AVT lab nominated for the Thuringian Innovation Award

AVT lab nominated for the Thuringian Innovation Award

With a new method for quality prediction of video streams, the AVT department was among the three nominated candidates for the Thuringian Innovation Award 2020 in the category "Digital & Media".

Presentation video for the nomination of the department: Youtube, Download

The awards were presented on November 25, 2020 in Weimar.The prize in the category "Digital & Media" was finally awarded to rooom AG Jena for "EXPO-X, the platform for virtual and hybrid events".

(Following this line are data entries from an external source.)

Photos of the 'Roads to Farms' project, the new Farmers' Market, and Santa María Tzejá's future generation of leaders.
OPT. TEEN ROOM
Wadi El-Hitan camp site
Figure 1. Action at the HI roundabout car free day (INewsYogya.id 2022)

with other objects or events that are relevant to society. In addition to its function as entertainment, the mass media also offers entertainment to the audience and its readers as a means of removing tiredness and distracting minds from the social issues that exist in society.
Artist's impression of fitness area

Website of the Innovation Award (with all nominees and award winners)

CO-HUMANICS project adopted

CO-HUMANICS project adopted

University press release: Mit Augmented Reality und Robotik soziale Kontakte älterer Menschen stärken (English translation below)

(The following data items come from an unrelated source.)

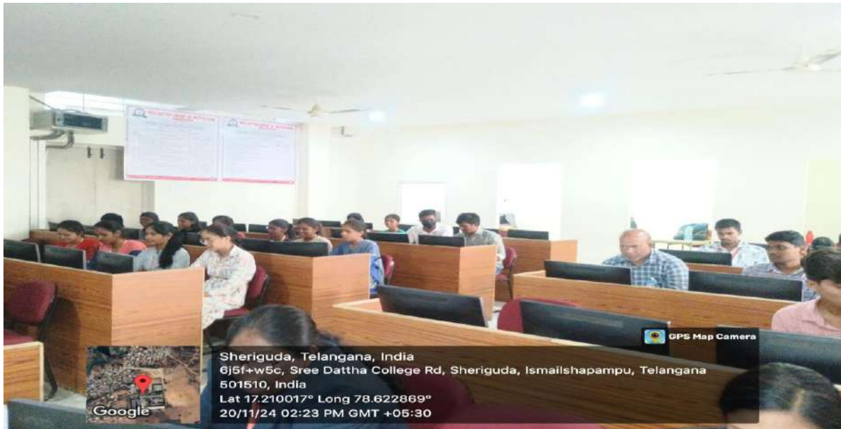
COMPUTER LAB 113- B BLOCK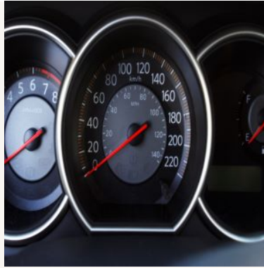
Accelerate and decelerate slowly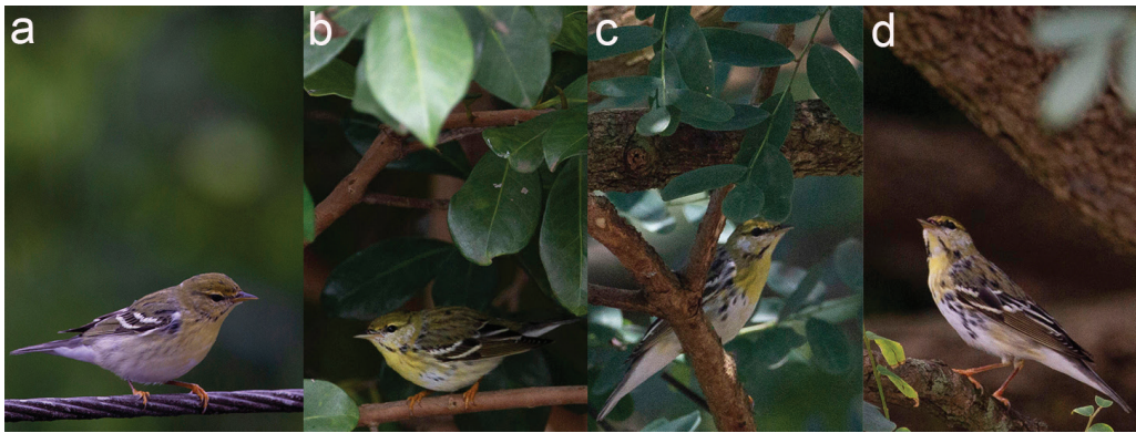
Figure 2. Plumage development of the Blackpoll Warbler Setophaga striata at Interlagos, São Paulo, Brazil: (a) 30 November 2020; (b) 27 December 2020; (c) 23 January 2021 and (d) 30 January 2021 (Fabio Schunck)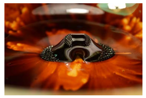
Figure 2: Original Image

After the picture was taken I used Adobe Photoshop to help develop my final image. I first cropped out the reflections of the lamplights on the top of the bowl. I then played with the curves of the image. There is an auto function of the curves menu, which I used. I automatically changed the reds, blues, and greens of the image. This really brought out the darkness of the ferrofluid. It also made the combination of the white surface of the ceramic bowl and the thin layer of ferrofluid much brighter and almost more orange. You can see the differences between the original photo (figure 2) and the final image (figure 3).

The Carl-Zeiss-Stiftung will support the CO-HUMANICS project ("Co-Presence of Humans and Interactive Companions for Seniors") of the TU Ilmenau within the call "Durchbrüche" over the next five years.

The following groups are involved in this project:

  • Audiovisuelle Technik (AVT), Prof. Raake, Fak. EI (Speaker)
  • Elektronische  Medientechnik  (EMT),  Prof.  Brandenburg/Dr. Werner and successor,  Fak.  EI
  • Virtuelle Welten und Digitale Spiele (VWDS), Prof. Broll, Fak. WM
  • Medienpsychologie und Medienkonzeption (MPMK), Prof. Döring, Fak.  WM
  • Neuroinformatik  und  Kognitive  Robotik  (NEUROB),  Prof.  Groß,  Fak.  IA

In addition, the University Computer Centre (UniRZ), the Virtual Reality Competence Centre (KVR) and the Fraunhofer IDMT will contribute to the realisation.

Contribution by Mitteldeutscher Rundfunk as part of the "mdr Wissen" series: Mit Augmented Reality gegen Einsamkeit im Alter 


University press release

TU Ilmenau: Using Augmented Reality and Robotics to Strengthen Social Contacts of Elderly People

In a recently approved research project, the Technical University of Ilmenau will develop state-of-the-art methods to enable elderly people to have contact with familiar people from far away in their home environment. These people - relatives or friends, but also medical or nursing staff - will be "projected" into the environment using novel technical methods as if they were there themselves. The project is being funded by the Carl-Zeiss-Stiftung with up to 4.5 million euros over the next five years.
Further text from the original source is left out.